Do the images capture the diversity of astronomical objects in the source data? You can see below an array of fake examples.

fake examples

They do seem to cover the main categories we expect. I don't see anything that looks alien; most images seem realistic-ish.

Nebulas

Here are three nebulas.

faint nebula

red nebula

white nebula

We see a variety of color and structure in them.

Star fields

The results include images that are pure starfields. I haven't done any official analysis, but it appears to me that the stars are much more regularly distributed in space than one might expect in space.

star field

Galaxies

I feel there's a shortage of galaxies, especially highly structure spiral galaxies in our results.
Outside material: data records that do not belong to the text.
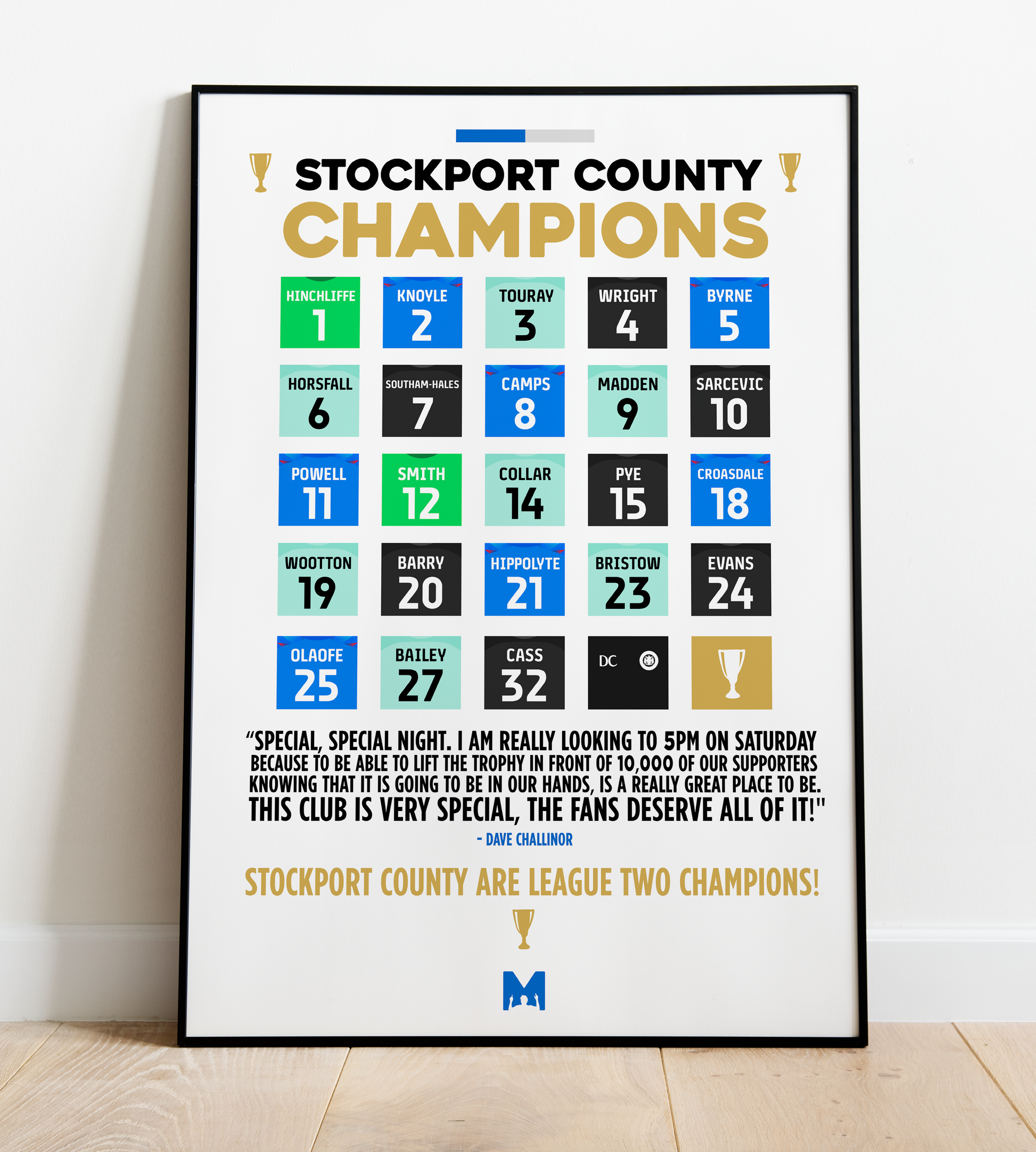 Capture forever the 2023/24 EFL League Two Title Winning Squad, a legendary season in Stockport County's history.
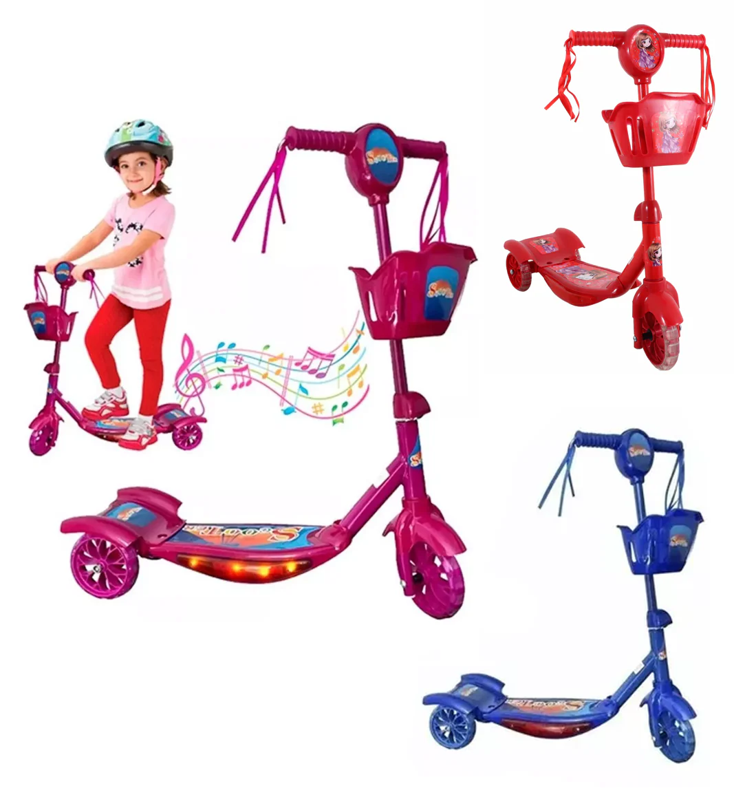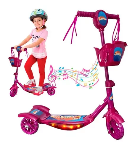 - Patineta scooter para niños y niñas con luces y canasta tres ruedas súper resistentes.
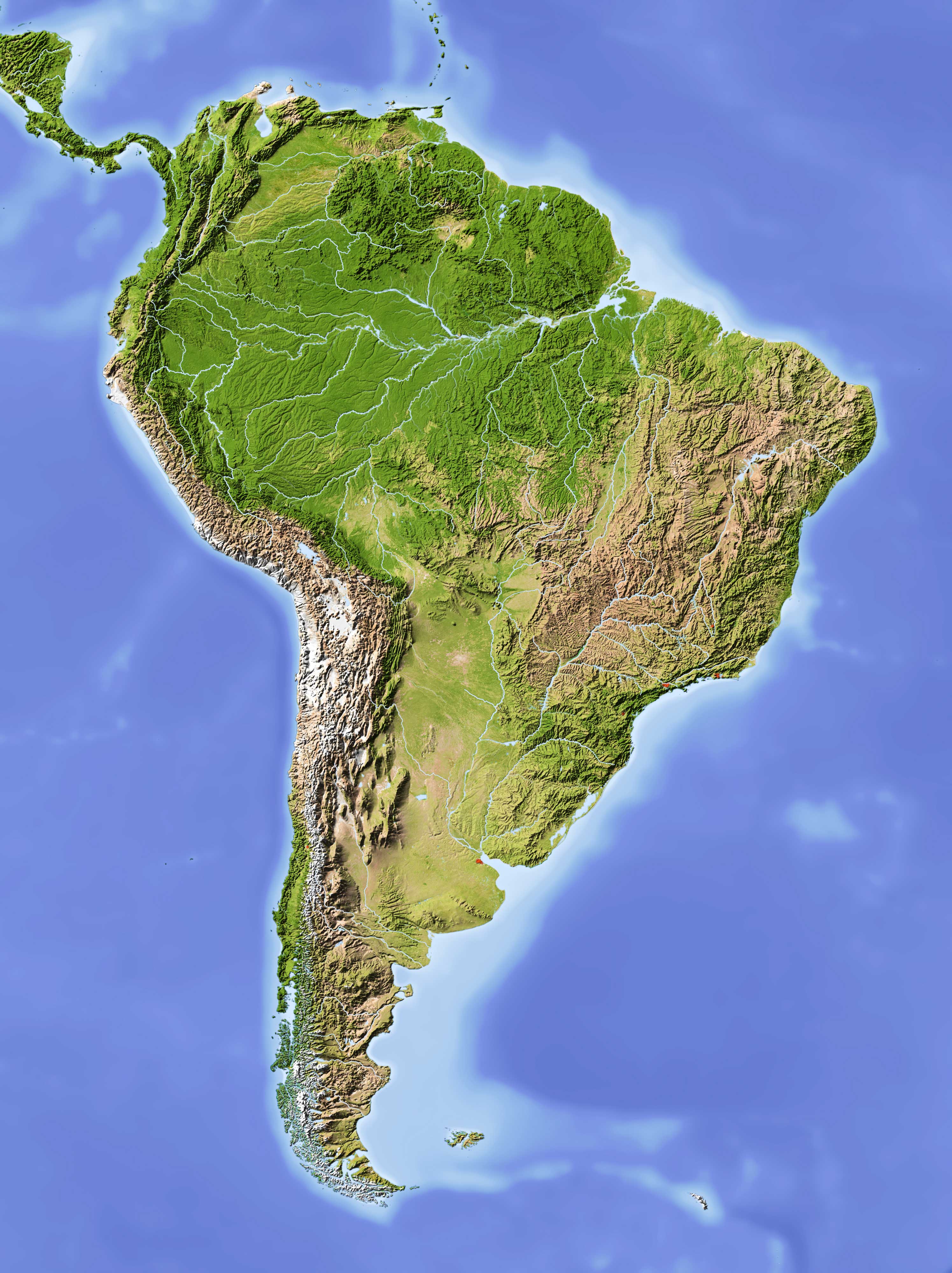 A 3D representation of South America's terrains, capturing the physical landscape in remarkable detail.
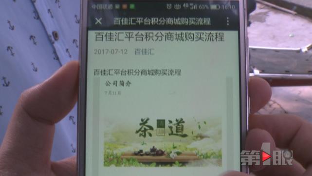 今年7月份,何先生的朋友给他推荐了一个名叫“百佳汇”的微信公众号,上面宣传说,花两千多元购买公众号商城里的茶叶,成为会员之后,商城可以帮忙代销这些茶叶,代销之后利润的70%给会员,最多十几天就能回款。何先生举例说,这些茶叶产品,每份2314元,购买之后,公司在十几天后,会返给会员2856元,一份就能赚五百多。
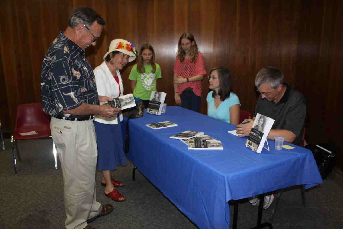 Erv and Lou Ellen Watts get a book from Paul Hoffman at the Edinburgh Wright-Hagemann Public Library in Edinburgh, Indiana, on July 11, 2012. With the author are his daughters, Emily and Kirsten, and his wife, Kimberly. Photo by Kami Ervin

I'm not sure if that's just a bias from the APOD sample, if it's a consequence of the GAN, or if I'm just crazy and there's no shortage.

galaxy

We also see interesting galaxy groups!

galaxy group

Clusters

Globular clusters can be found in the fake results too.

globular clusters

Thus, overall it seems to reconstruct all the categories, albeit with a potential bias.

Interpolation

One very cool thing that this implementation of lightweight-gan does is create interpolation examples. In the image below, there are 8 images on the top row that we can think of as starting points and 8 images on the bottom row we can think of as ending points. Then, the code interpolates in the model's latent space to construct representative images between the start and end. I find the 6th column most fascinating in this example. We interpolate from a brilliant nebula to what appears to be a small galaxy.

interpolating images

It does seem that there are harsh transitions between the start and end point when they're dramatically different. I'm not sure what this means about the model though.

Average

We can also explore the average fake image. We took a sample of 1000 images and merely averaged them together. You end up with the image below.

average image

There's some nebulosity in the average; I might have expected it to be nearly black.

Using Google Colab

Originally, we were going to train the model on the student's computer. However, we started running into errors and resolving those errors just resulted in more errors. Ultimately, there was some error about insufficient GPU memory. It might be resolvable, but we thought this might be a good chance to try out Google Colab.

I purchased a Pro+ subscription since I knew we'd have a long-running training session. I believe background execution was necessary because when I tried training without it, the runtime timed out. It's possible I just did something wrong. Regardless, Colab Pro+ did the trick. We actually trained twice, once on a 128x128 sized images and then for the results shown here on 512x512 images.

Between the two training sessions, I found I had to wait because I'd used up my GPU allotment. It's frustrating that Colab doesn't tell you how long you'll have to wait. I just tried several times in the next 24 hours, and it eventually let me start another GPU runtime. I've heard that these wait times increase the more you use Colab. I hope not.

I was very happy with how Google Colab integrates with Google Drive. I could output the images and model checkpoints to a shared directory on Google Drive. We could both see the results. I woke up in the middle of the night during training some and was able to grab my phone from the night stand and look at intermediate results. I knew it was still training without even getting up. I also struggled to contain my excitement at the results and get back to sleep then.

I'll keep trying it out because there are more things I would like to train for work projects. Maybe I'll write a full post in a few months about my overall impression of Colab's paid tiers.

Future work

There are many avenues to explore:

  • Simply train the model for longer
  • Remove the checkerboarding for higher fidelity images
  • Try other GAN architectures to compare performance
  • Analyze the distribution of image object types to answer the question: "Do we capture a representative sample of APOD?"
  • Your suggestions!

Conclusion

This was an exciting small project that has promising results! I hope my student had as much fun doing it as I did. We're open to suggestions from you, the reader, about what else we could do.